The two Spierses do most of the row crop work. Five or six seasonal H2A workers help with tobacco. “Some of our employees have been coming for 16 years,” Robert said. One now even brings his son along too.
“We’re very blessed to have a long tobacco rotation,” said Robert. Their three or four year rotation is limited by the location of their irrigation ponds. Even with the ponds, though, each year they plant 15 to 20 acres of non-irrigated tobacco, to be able to rest their ground close to the ponds. Some of those non-irrigated acres could go without tobacco for a decade or more.
The Spierses do not start tobacco themselves any more since greenhouses became the common way to start plants. Instead, they buy them from neighboring growers. As tobacco plantings in the area have increased in recent years, they have had to go further afield to find enough starts.
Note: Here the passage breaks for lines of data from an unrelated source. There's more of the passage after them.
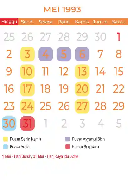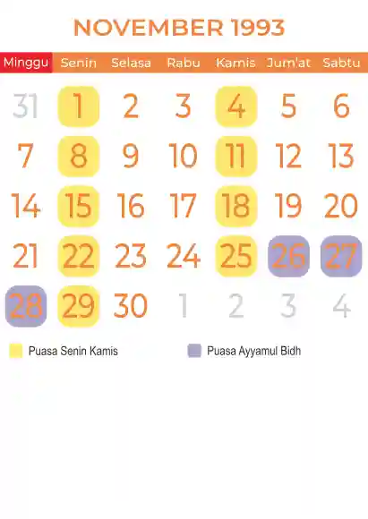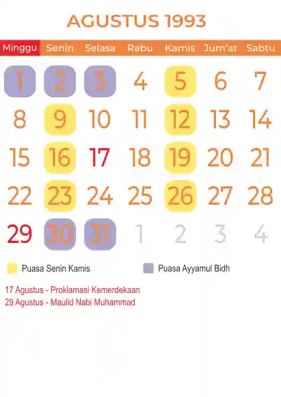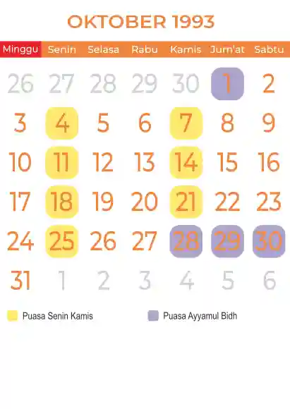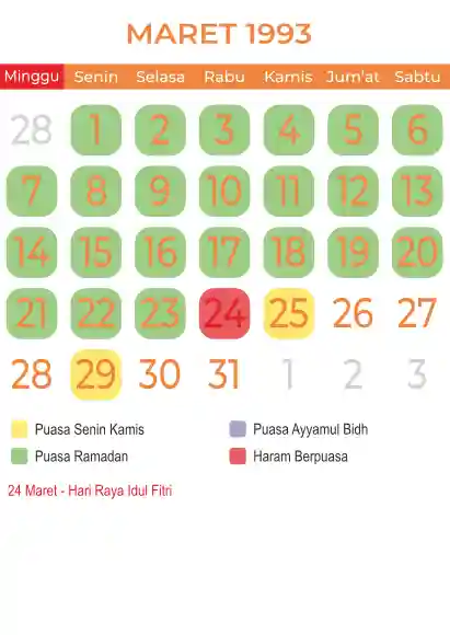 Template kalender puasa 1993, Versi yang lebih simple, cocok sekali buat anda yang ingin cetak kalender yang bermanfat buat umat.
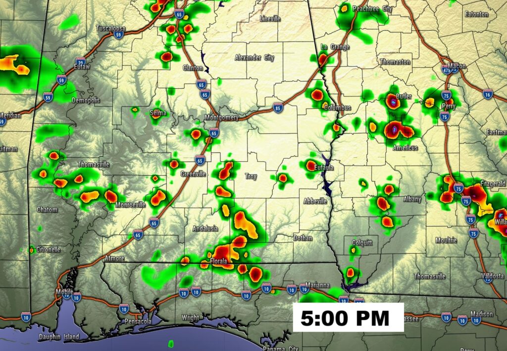 FUTURE RADAR: Pretty typical. Random scattered showers and storms, most numerous inn the late afternoon and through the evening hours, before fading overnight.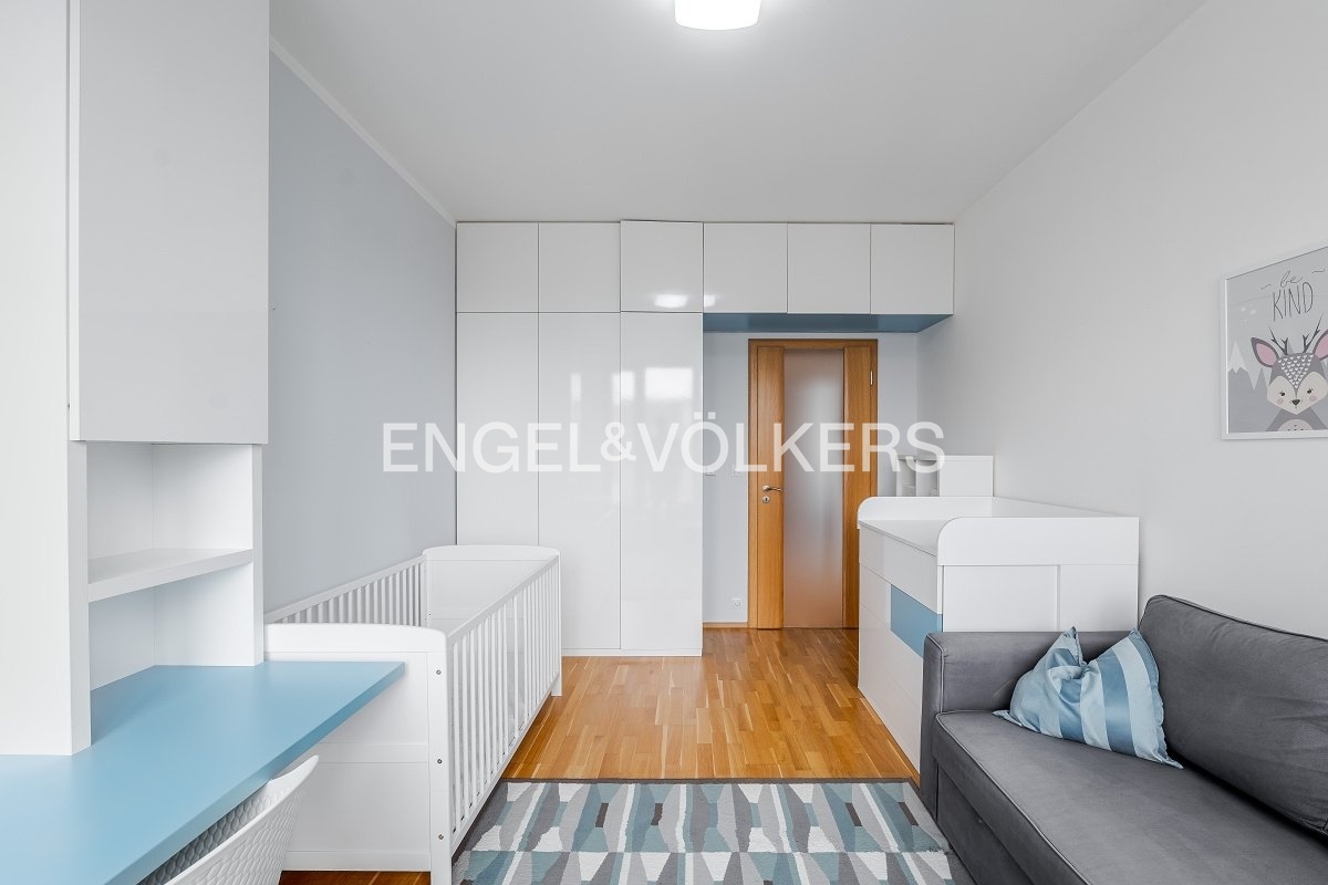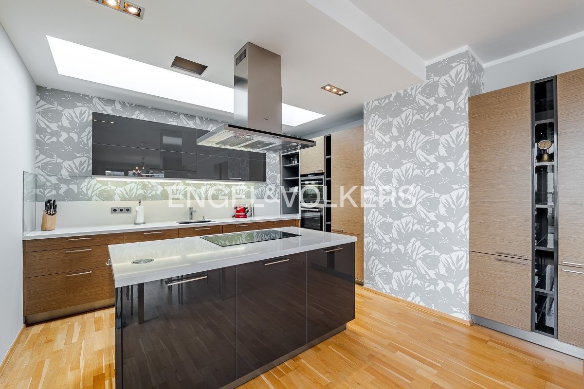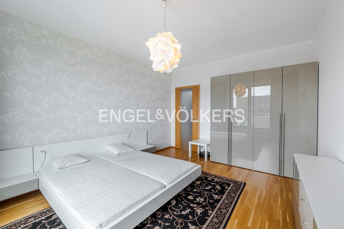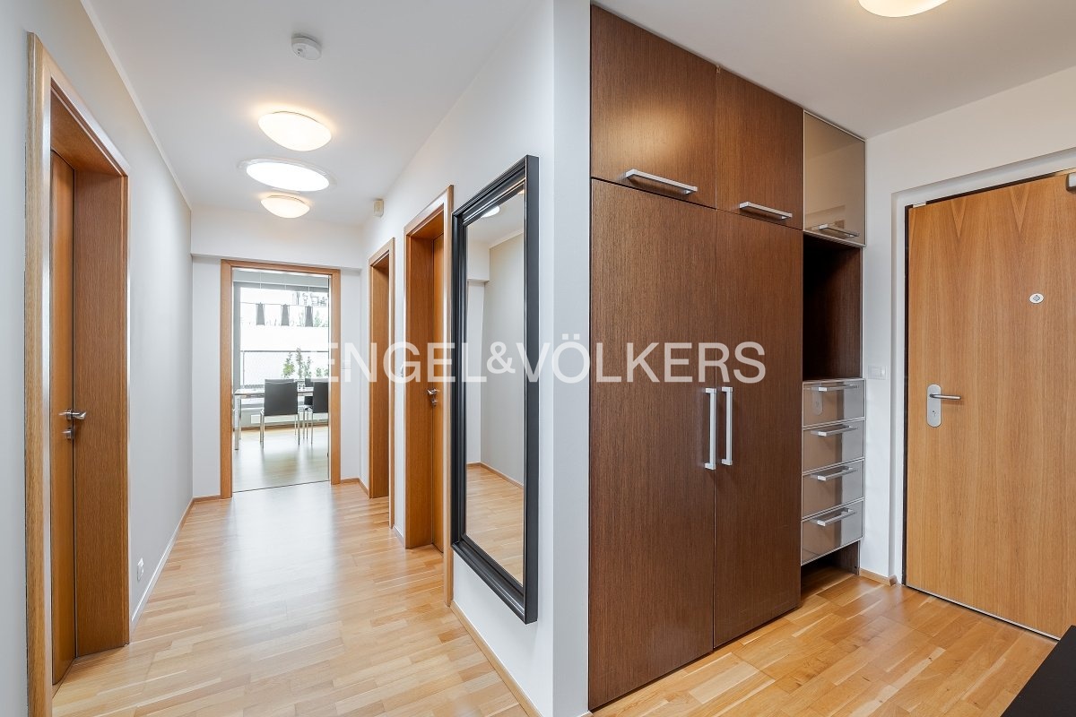 Dispozice bytu zahrnuje prostornou vstupní chodbu s vestavěnou šatnou. Chloubou bytu je obývací pokoj s terasou o rozloze 100 m2 orientovanou do klidného vnitrobloku. Obývací pokoj je propojený s kuchyňským koutem plně vybaveným všemi spotřebiči a ostrovem. Dvě samostatné ložnice jsou vybavené vestavěným nábytkem na míru a jsou příjemně světlé díky velkým francouzským oknům. Koupelna je vybavena sprchovým koutem a vanou, toaleta je odděleně.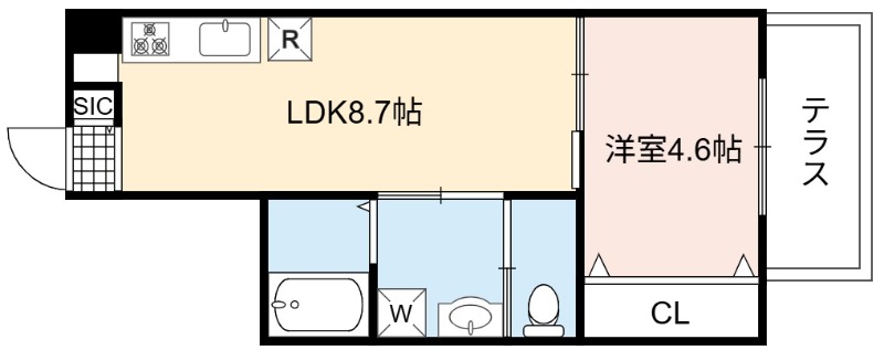 | 間取り詳細 | LDK 8.7畳 、 洋室 4.6畳 |
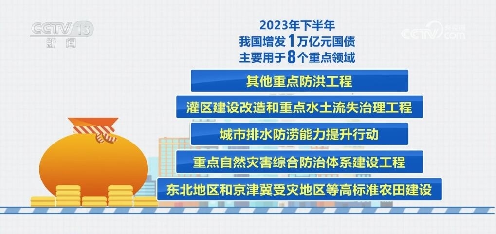 去年下半年,我國增發(fā)了1萬億元國債,主要用于8個重點領域,包括:災后恢復重建,支持以京津冀為重點的華北地區(qū)等災后恢復重建和提升防災減災能力,促進災區(qū)基本生產(chǎn)生活條件和經(jīng)濟發(fā)展恢復到災前的水平;以海河、松花江流域等北方地區(qū)為重點的骨干防洪治理工程;自然災害應急能力提升工程;其他重點防洪工程;灌區(qū)建設改造和重點水土流失治理工程;城市排水防澇能力提升行動;重點自然災害綜合防治體系建設工程;東北地區(qū)和京津冀受災地區(qū)等高標準農(nóng)田建設。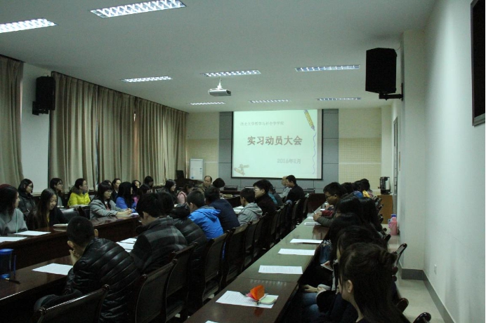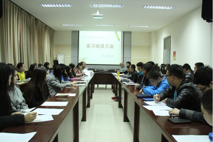 2016年2月25日上午10点,哲学与社会学学院于5106会议室召开2013级实习动员大会。院党委副书记李波老师,教学副院长王强教授,社会学与社会工作系系主任魏哲铭教授,哲学系系主任赵本义教授,带队老师齐钊老师、袁志伟老师,辅导员李鑫老师出席大会。2013级全体学生参加大会。大会由魏哲铭教授和赵本义教授主持。

Robert is a keystone member of Virginia’s tobacco industry. He serves on the Virginia Tobacco Commission. He is also a member of the Virginia Bright Flue-Cured Tobacco Board, which administers the excise tax (check-off dollars).
“Typically we use a portion of the funds collected to support experiment stations and research efforts into varieties, problems, and diseases,” Robert said. Funds are also allocated to promote the export of U.S. tobacco.
Conservation tillage on tobacco has worked very well for the Spierses, but Mark acknowledged that it might not be “as easy in other areas, especially on heavier, rockier soil.”
But in the right situation it certainly could be a cost-effective method of tobacco production. Who wouldn’t want to help maintain soil quality, reduce erosion, all the while saving on fuel, labor, and machinery costs?